Showing that the characteristic of a commutative ring R without zero divisors is 0 or prime

Question

Question: Suppose that $R$ is a commutative ring without zero-divisors. Show that the characteristic of $R$ is either $0$ or prime.

I have established that every element in a commutative ring $R$ without zero divisors have the same additive order $n$.

Now, if no such additive order n exists, then the characteristic of $R$ is $0$.

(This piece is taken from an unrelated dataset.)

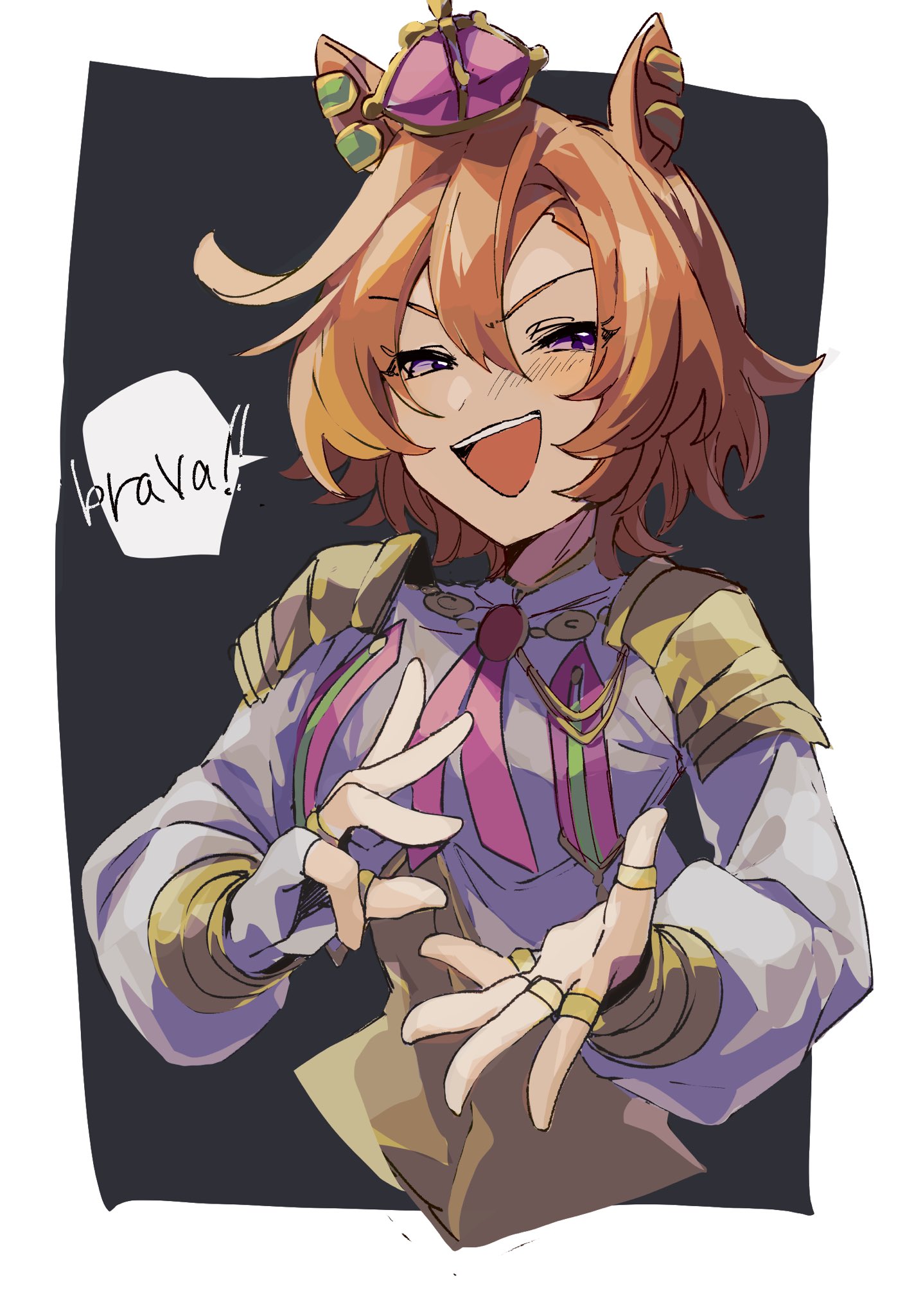 1girlanimal earsarmorblushbreastscrownear ornamentear piercingenglish texthair between eyeshorse earshorse girljewelrylong sleeveslooking at viewermini crownmultiple ringsopen mouthorange hairpiercingpink crownpurple eyesringshirtshort hairshoulder armorsimple backgroundsmilesolospeech bubbleteethupper bodyupper teeth onlywhite shirt

Obviously, if a finite additive order exists, Char of $R$ is finite. How do I show that Char of $R$ is prime? It probably involves lagrange's theorem and the order of the element in $R$.

Hint is appreciated.

Thanks in advance.

Answer 1

Hint:

Consider the ring homomorphism $\;\begin{aligned}[t]\varphi\colon\mathbf Z&\longrightarrow R\\n&\longmapsto n\cdot 1_R\end{aligned}$

The characteristic of $R$ is the positive generator of $\ker\varphi$, i.e. of the ideal $\;\varphi^{-1}(0)$. Observe that, by definition, in an integral domain, $(0)$ is a prime ideal.

Answer 2

For rings not necessarily with identity, you can define the characteristic as the non negative generator of the ideal in $\mathbb{Z}$ formed by the integers $n$ such that $nr=0$, for all $r\in R$.

Suppose this ideal is not $\{0\}$; then it is $k\mathbb{Z}$, with $k>0$. Suppose $k$ is not prime, so $k=ab$, with $0<a<k$ and $0<b<k$.

By definition of $k$, there are $r\in R$ and $s\in R$ with $$ ar\ne0,\qquad bs\ne0 $$

Then $(ar)(bs)=(ab)(rs)=k(rs)=0$ so $R$ has zero divisors.